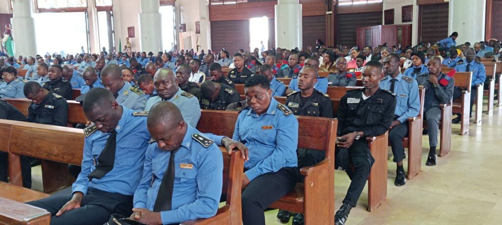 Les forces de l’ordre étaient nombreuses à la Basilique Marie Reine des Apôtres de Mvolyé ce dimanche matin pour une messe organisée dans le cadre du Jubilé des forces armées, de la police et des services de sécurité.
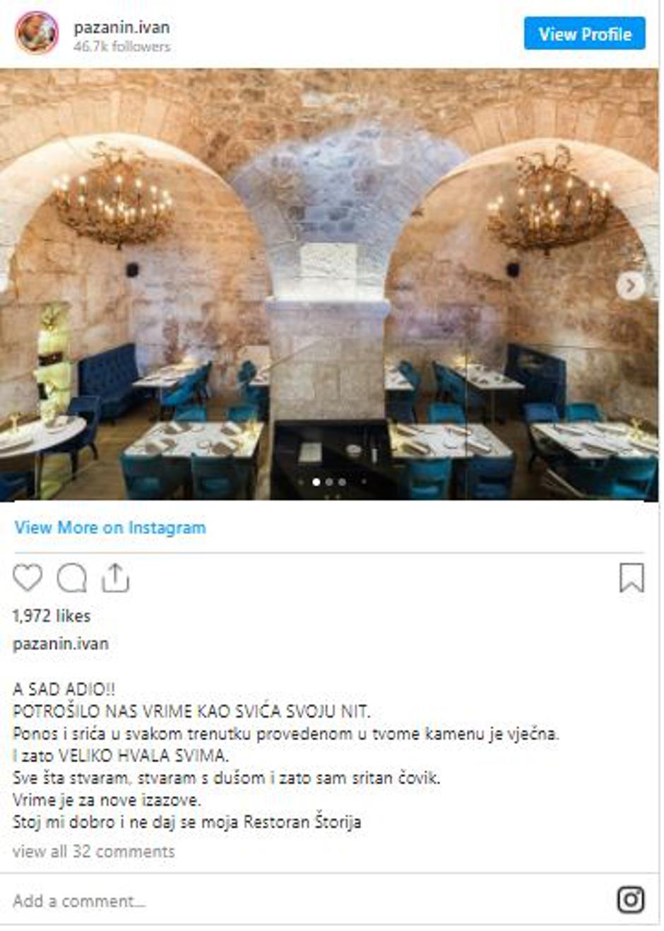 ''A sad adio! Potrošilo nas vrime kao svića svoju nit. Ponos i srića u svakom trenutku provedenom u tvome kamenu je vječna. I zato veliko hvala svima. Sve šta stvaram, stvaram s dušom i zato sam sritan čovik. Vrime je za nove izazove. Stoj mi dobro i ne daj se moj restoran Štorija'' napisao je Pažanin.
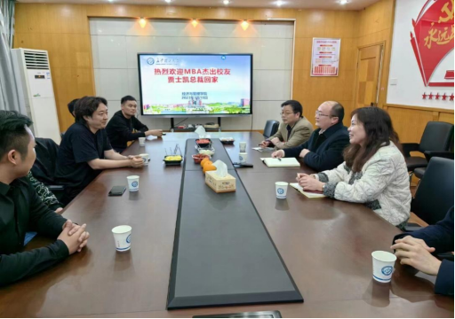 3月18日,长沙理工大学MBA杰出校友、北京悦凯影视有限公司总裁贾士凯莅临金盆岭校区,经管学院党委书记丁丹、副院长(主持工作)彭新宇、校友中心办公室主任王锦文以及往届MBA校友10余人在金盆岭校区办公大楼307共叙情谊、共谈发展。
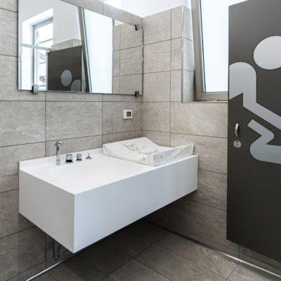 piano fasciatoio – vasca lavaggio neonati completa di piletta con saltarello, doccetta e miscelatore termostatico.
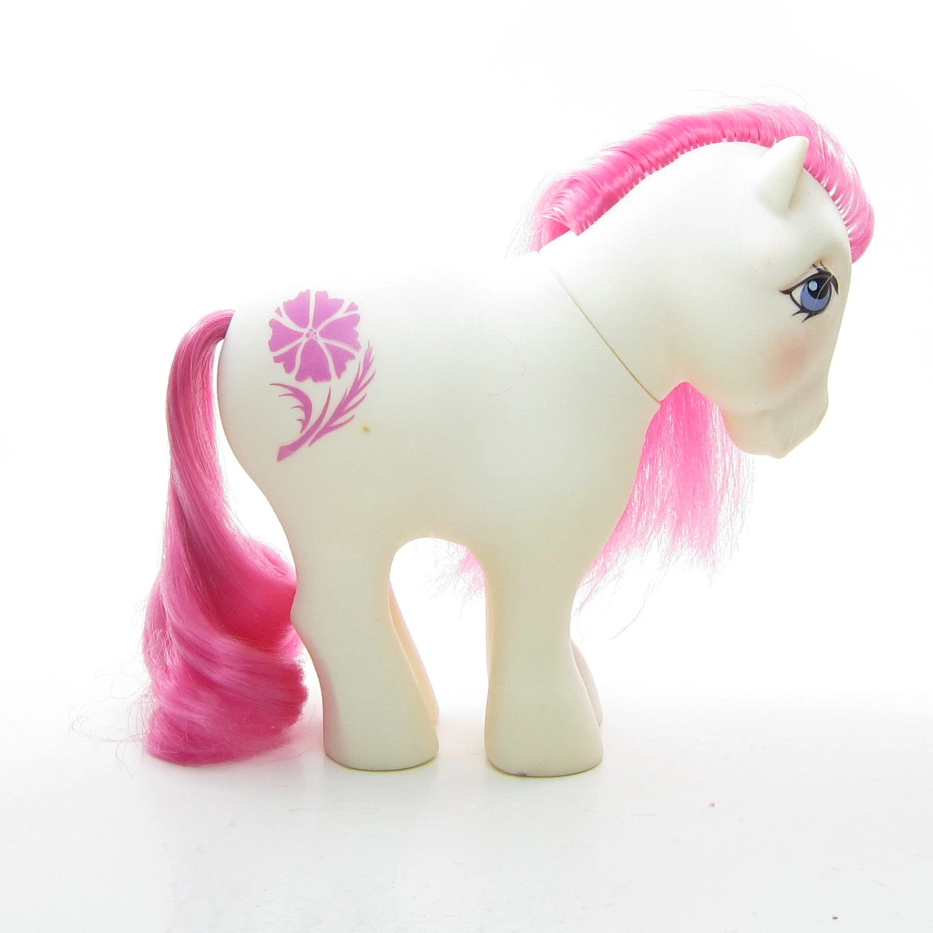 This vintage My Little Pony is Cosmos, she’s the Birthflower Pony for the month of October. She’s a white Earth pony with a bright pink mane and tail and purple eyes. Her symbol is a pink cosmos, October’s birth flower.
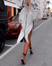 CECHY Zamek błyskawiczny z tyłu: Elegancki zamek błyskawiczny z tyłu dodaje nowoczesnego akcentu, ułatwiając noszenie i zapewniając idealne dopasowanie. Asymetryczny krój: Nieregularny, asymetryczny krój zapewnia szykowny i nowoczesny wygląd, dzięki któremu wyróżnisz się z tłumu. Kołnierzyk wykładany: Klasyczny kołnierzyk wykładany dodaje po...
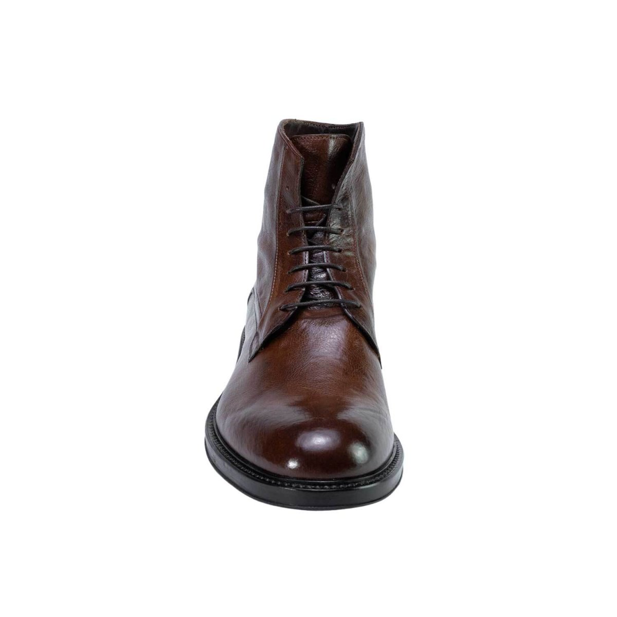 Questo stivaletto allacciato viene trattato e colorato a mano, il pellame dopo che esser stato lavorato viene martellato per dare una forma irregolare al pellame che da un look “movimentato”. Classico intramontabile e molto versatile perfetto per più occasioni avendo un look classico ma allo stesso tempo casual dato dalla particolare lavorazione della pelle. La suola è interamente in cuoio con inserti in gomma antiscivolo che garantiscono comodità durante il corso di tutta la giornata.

□ □ □ □ □ □ □

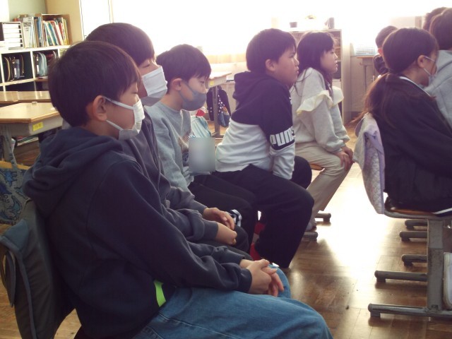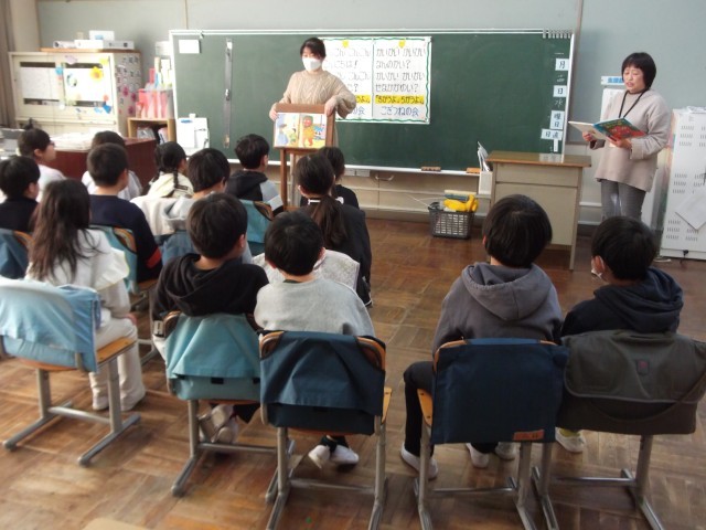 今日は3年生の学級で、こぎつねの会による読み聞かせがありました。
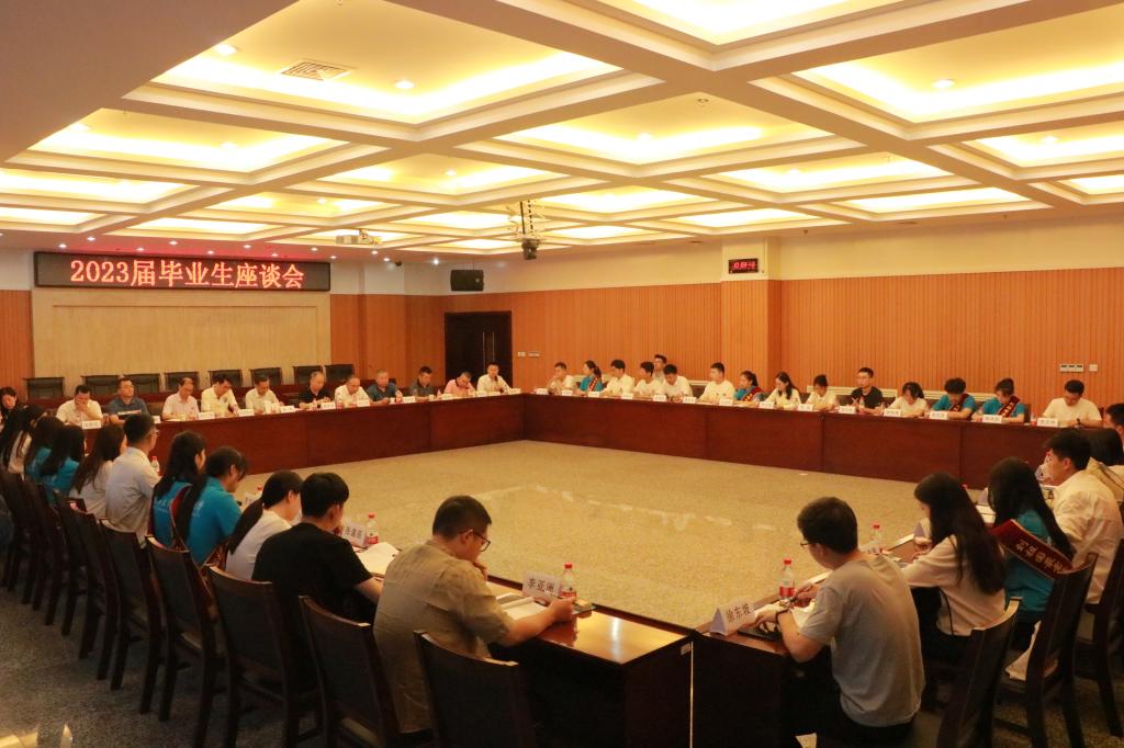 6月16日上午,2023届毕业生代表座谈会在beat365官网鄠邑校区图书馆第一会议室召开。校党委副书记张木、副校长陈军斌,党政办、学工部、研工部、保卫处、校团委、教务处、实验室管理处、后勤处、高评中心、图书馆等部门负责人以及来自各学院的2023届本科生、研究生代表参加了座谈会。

□ □ □ □ □ □ □

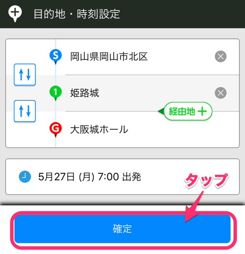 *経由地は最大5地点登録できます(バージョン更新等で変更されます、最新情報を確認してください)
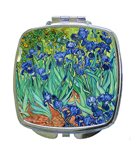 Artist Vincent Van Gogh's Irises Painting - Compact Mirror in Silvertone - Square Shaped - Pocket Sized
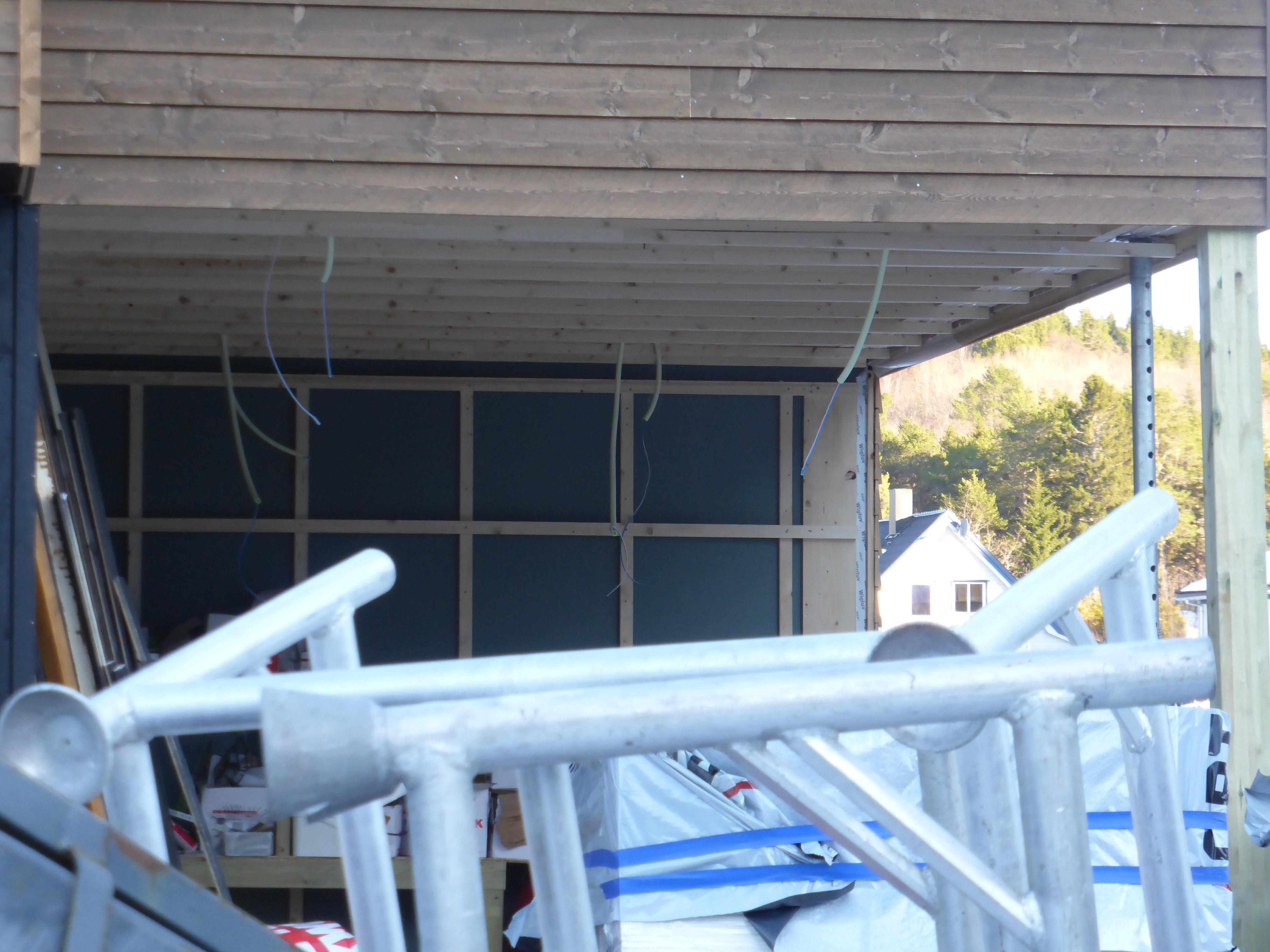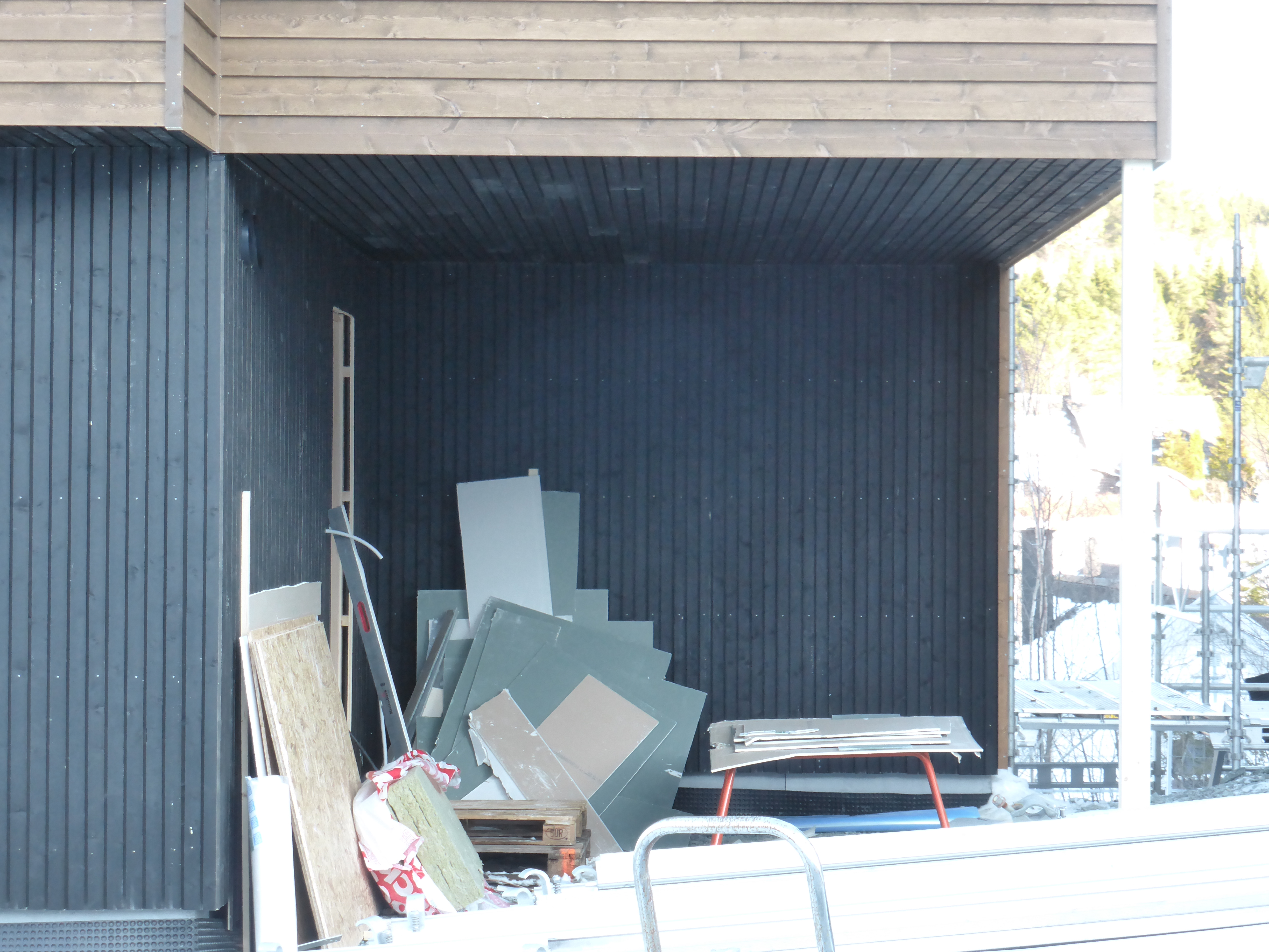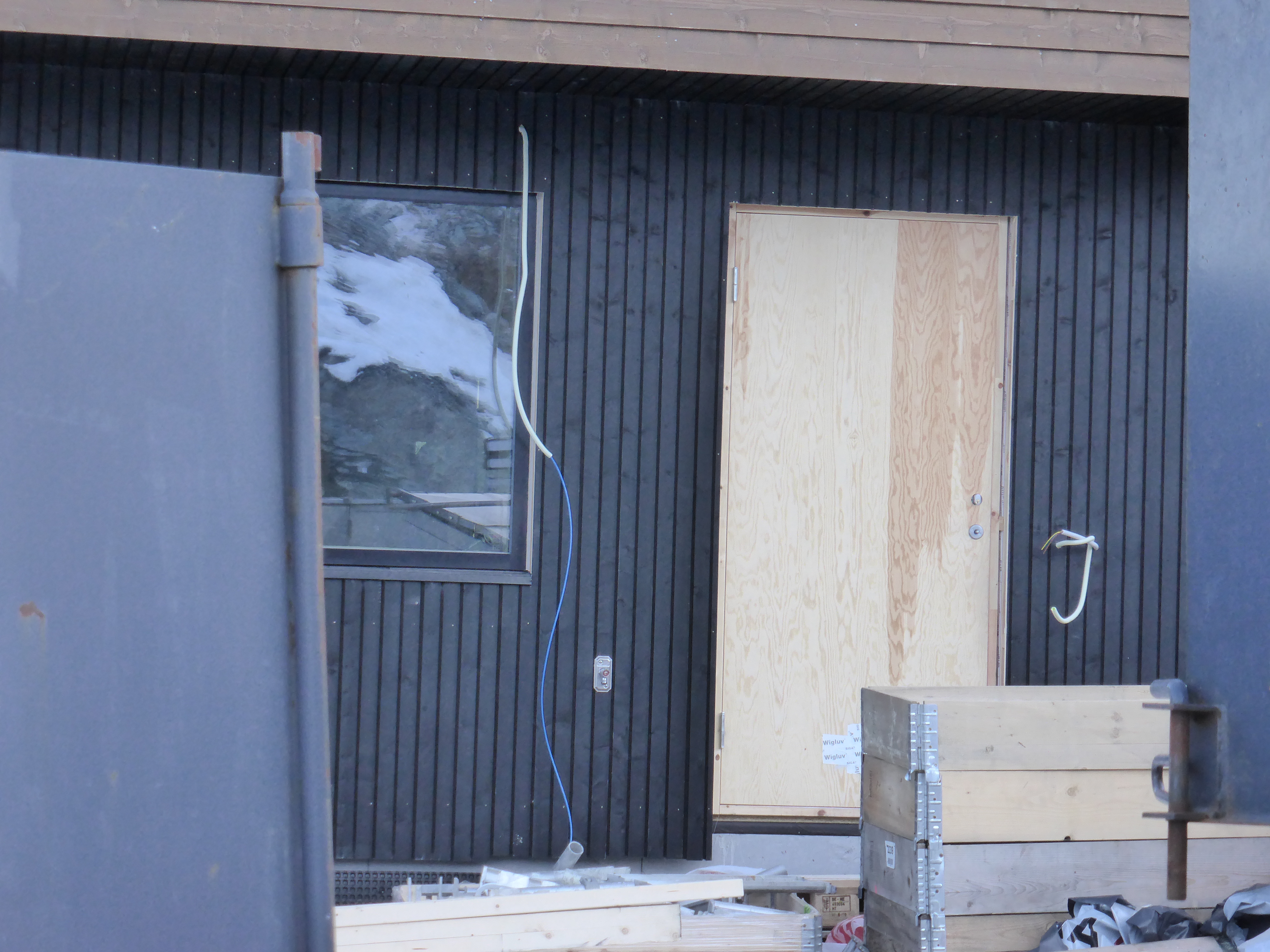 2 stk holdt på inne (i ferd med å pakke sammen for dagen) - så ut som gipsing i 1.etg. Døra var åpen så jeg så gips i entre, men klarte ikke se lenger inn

□ □ □ □ □ □ □

▸ **PROMPT**:
Copy word for word the lines of the records above from the one with "CECHY Zamek błyskawiczny" up to and including the one with "Questo stivaletto allacciato". Skip the pictures.

▸ **SOLUTION TO THIS EXERCISE**:
 CECHY Zamek błyskawiczny z tyłu: Elegancki zamek błyskawiczny z tyłu dodaje nowoczesnego akcentu, ułatwiając noszenie i zapewniając idealne dopasowanie. Asymetryczny krój: Nieregularny, asymetryczny krój zapewnia szykowny i nowoczesny wygląd, dzięki któremu wyróżnisz się z tłumu. Kołnierzyk wykładany: Klasyczny kołnierzyk wykładany dodaje po...
 Questo stivaletto allacciato viene trattato e colorato a mano, il pellame dopo che esser stato lavorato viene martellato per dare una forma irregolare al pellame che da un look “movimentato”. Classico intramontabile e molto versatile perfetto per più occasioni avendo un look classico ma allo stesso tempo casual dato dalla particolare lavorazione della pelle. La suola è interamente in cuoio con inserti in gomma antiscivolo che garantiscono comodità durante il corso di tutta la giornata.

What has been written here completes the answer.